We start constructing the parse tree from the procedure parser rule. Figure 6 shows the code snippet to construct the parse tree randomly starting from the procedure parser rule.

Figure 6. Code snippet of constructing the parse tree randomly

Once we finish the construction of the parse tree, we can traverse the parse tree to obtain the character stream of all terminal nodes and then generate a new test case as shown in Figure 7.

Figure 7. Code to traverse the parse tree and obtain the character stream of all terminal nodes

Figure 8 shows a newly generated PostScript test case from our syntax-aware fuzzer.

Figure 8. A newly generated PostScript test case

Fuzzing Results

We discovered three vulnerabilities that are identified as CVE-2022-35665, CVE-2022-35666, and CVE-2022-35668 in Adobe Acrobat Distiller and one vulnerability that is identified as CVE-2022-32843 in Apple’s PSNormalizer via our syntax-aware PostScript fuzzer. Respectively, these vulnerabilities were addressed in https://helpx.adobe.com/security/products/acrobat/apsb22-39.html and https://support.apple.com/en-us/HT213345.

The affected software applications for CVE-2022-35665, CVE-2022-35666, CVE-2022-35668 are the following:

Acrobat DC Continuous 22.001.20169 and earlier versions in Windows & macOS
Acrobat 2020 Classic 2020  20.005.30362 and earlier versions in Windows & macOS
Acrobat 2017 Classic 2017 17.012.30249 and earlier versions  in Windows & macOS

The affected software applications for CVE-2022-32843 are the following:

macOS Monterey 12.4 and earlier versions
macOS Big Sur 11.6.7 and earlier versions
Security Update 2022-004 Catalina and earlier versions

CVE-2022-35665: Adobe Acrobat Distiller PostScript File Use-After-Free Vulnerability

A specially crafted PostScript file can trigger a Use-After-Free vulnerability that could result in arbitrary code execution in the context of the current user. Figure 9 shows the PoC for CVE-2022-35665.

Figure 8. The PoC for CVE-2022-35665

Figure 9 shows the crash information in WinDBG.

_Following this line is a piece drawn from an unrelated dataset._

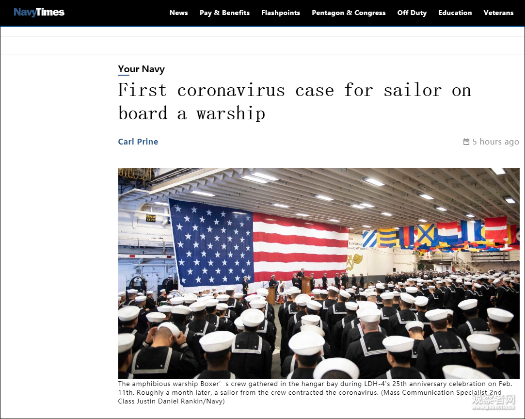 美國海軍表示,這是美國海軍首次有軍艦艦員新冠病毒檢測呈陽性,也是聖迭戈海軍基地發現的第二例。此前據美國海軍時報3月7日報道,美國海軍一名駐意大利那不勒斯海軍基地的美國水手確診新冠病毒,這意味着美海軍艦勤和岸勤人員都有新冠檢測呈陽性案例。

Figure 9. The crash information in WinDBG for CVE-2022-35665

CVE-2022-35666: Adobe Acrobat Distiller PostScript File Arbitrary Code Execution Vulnerability

A specially crafted PostScript file can trigger an Improper Input Validation vulnerability that could result in arbitrary code execution in the context of the current user. Figure 10 shows the PoC for CVE-2022-35666.

Figure 10. The PoC for CVE-2022-35666

This vulnerability can be reproduced reliably in Adobe Acrobat Pro DC on macOS. This should work on the "standard" conversion in the Acrobat Distiller. Figure 11 shows the Console app with the full crash report for CVE-2022-35666.

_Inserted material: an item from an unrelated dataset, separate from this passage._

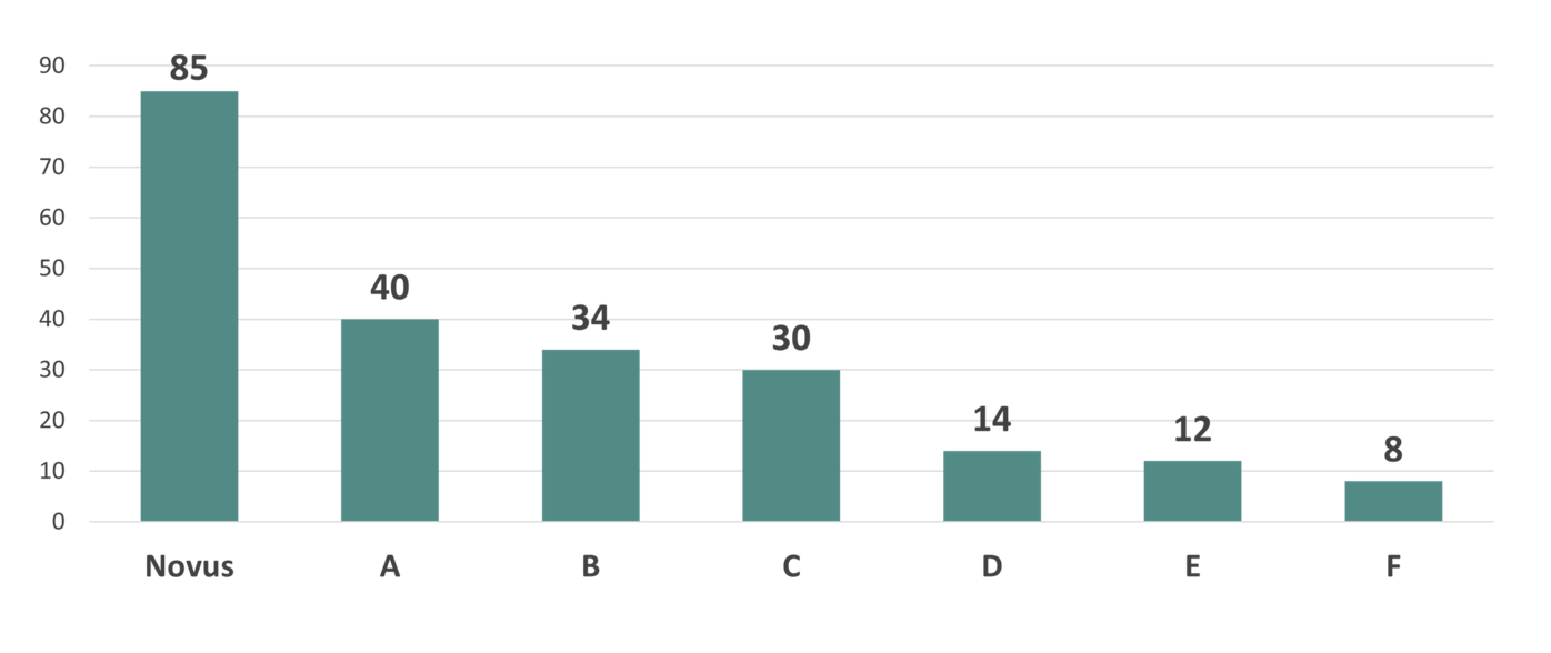 Diagrammet visar antalet omnämnanden av Novus undersökningar i media under datumen 23-27e juni (Almedalsveckan. Siffror hämtade från Retriever). Våra konkurrenter har anonymiserats och är markerade från A till F.

Figure 11. The full crash report for CVE-2022-35666 in the Adobe Acrobat Distiller

Next, let’s take a closer look at where the crash occurs in the debugger LLDB as shown in Figure 12.

Figure 12. The location where the crash for CVE-2022-35666 occurs in the debugger LLDB

CVE-2022-35668: Adobe Acrobat Distiller PostScript File Improper Input Validation Information Disclosure Vulnerability

A specially crafted PostScript file can trigger an Improper Input Validation vulnerability that could lead to the disclosure of sensitive memory. An attacker could leverage this vulnerability to bypass mitigations such as ASLR. Figure 13 shows the PoC for CVE-2022-35668.

Figure 13. The PoC for CVE-2022-35668

Figure 14 shows the crash information in WinDBG.

Figure 14. The crash information in Windbg for CVE-2022-35668

CVE-2022-32843: Apple PSNormalizer PostScript File Memory Out-of-Bounds Write Vulnerability

CVE-2022-32843 is an out-of-bounds write vulnerability in Apple’s PSNormalizer Framework due to the lack of proper bounds checking. Processing a maliciously crafted PostScript file may result in unexpected app termination or disclosure of process memory. This vulnerability was addressed in https://support.apple.com/en-us/HT213345 by Apple. Figure 15 shows the PoC for CVE-2022-32843.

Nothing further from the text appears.